47. A method of enhancing oxygen delivery to a tissue or organ of a mammal, comprising the step of administering to a mammal a therapeutically effective amount of a composition of claim 1 or a compound of claim 10.

48. A method of enhancing oxygen delivery to a tissue or organ of a mammal, comprising the step of administering to a mammal red blood cells previously treated with a composition of claim 1 or a compound of claim 10.

49. A method of treating a mammal afflicted with anemia, coronary infarction, pulmonary disease, congestive heart failure, diabetes, myocardial infarction, stroke, peripheral vascular disease, intermittent claudication, circulatory shock, hemorrhagic shock, chronic hypoxia, altitude sickness, arteriosclerosis, respiratory alkalemia, metabolic alkalosis, sickle cell anemia, reduced lung capacity, gangrene, anaerobic infections, carbon monoxide poisoning, nitric oxide poisoning, or cyanide poisoning, comprising the step of administering to said mammal a therapeutically effective amount of a composition of claim 1 or a compound of claim 10.

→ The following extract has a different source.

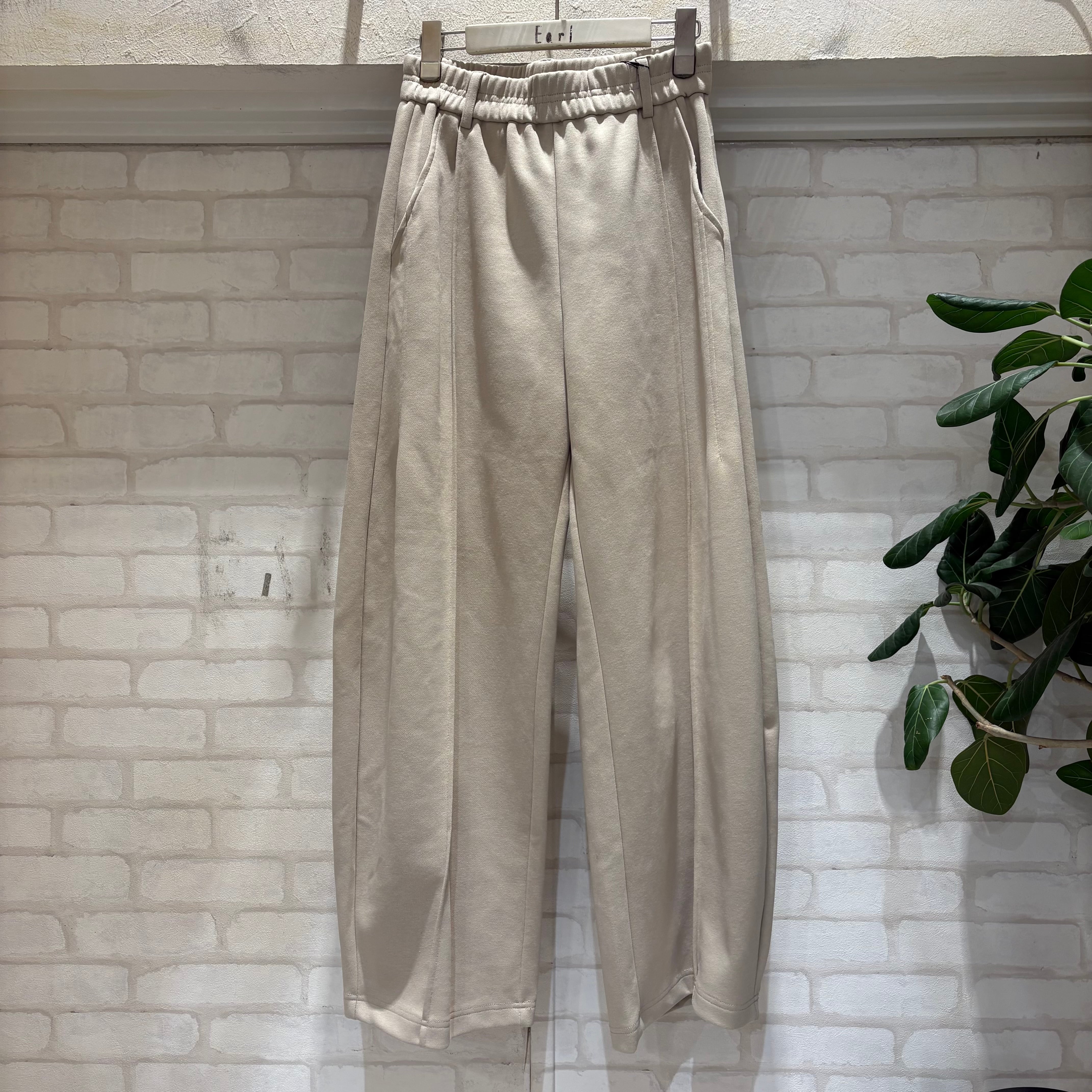 綺麗なカーブシルエットのスウェットパンツ。

50. A method of treating a mammal afflicted with anemia, coronary infarction, pulmonary disease, congestive heart failure, diabetes, myocardial infarction, stroke, peripheral vascular disease, intermittent claudication, circulatory shock, hemorrhagic shock, chronic hypoxia, altitude sickness, arteriosclerosis, respiratory alkalemia, metabolic alkalosis, sickle cell anemia, reduced lung capacity, gangrene, anaerobic infections, carbon monoxide poisoning, nitric oxide poisoning, or cyanide poisoning, comprising the step of administering to said mammal red blood cells previously treated with a composition of claim 1 or a compound of claim 10.

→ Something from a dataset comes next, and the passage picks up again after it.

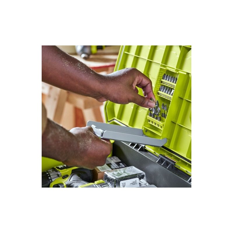 W skrzyni Ryobi RSL201 znajduje się zintegrowany organizer bitów oraz schowek na akcesoria, co zapewnia maksymalną organizację narzędzi. Dzięki temu wszystkie niezbędne elementy będą zawsze pod ręką, co znacznie ułatwia pracę. Dodatkowo, możliwość zabezpieczenia przedmiotów za pomocą kłódki zwiększa bezpieczeństwo przechowywanych narzędzi.

51. A method of improving the oxygen delivering capability of mammalian blood, comprising the step of adding to a volume of mammalian blood a composition of claim 1 or a compound of claim 10.

52. A method of incorporating a therapeutically useful substance into mammalian red blood cells, comprising the step of treating a sample of mammalian red blood cells with a composition of claim 1 or a compound of claim 10, wherein said composition or compound comprises said therapeutically useful substance.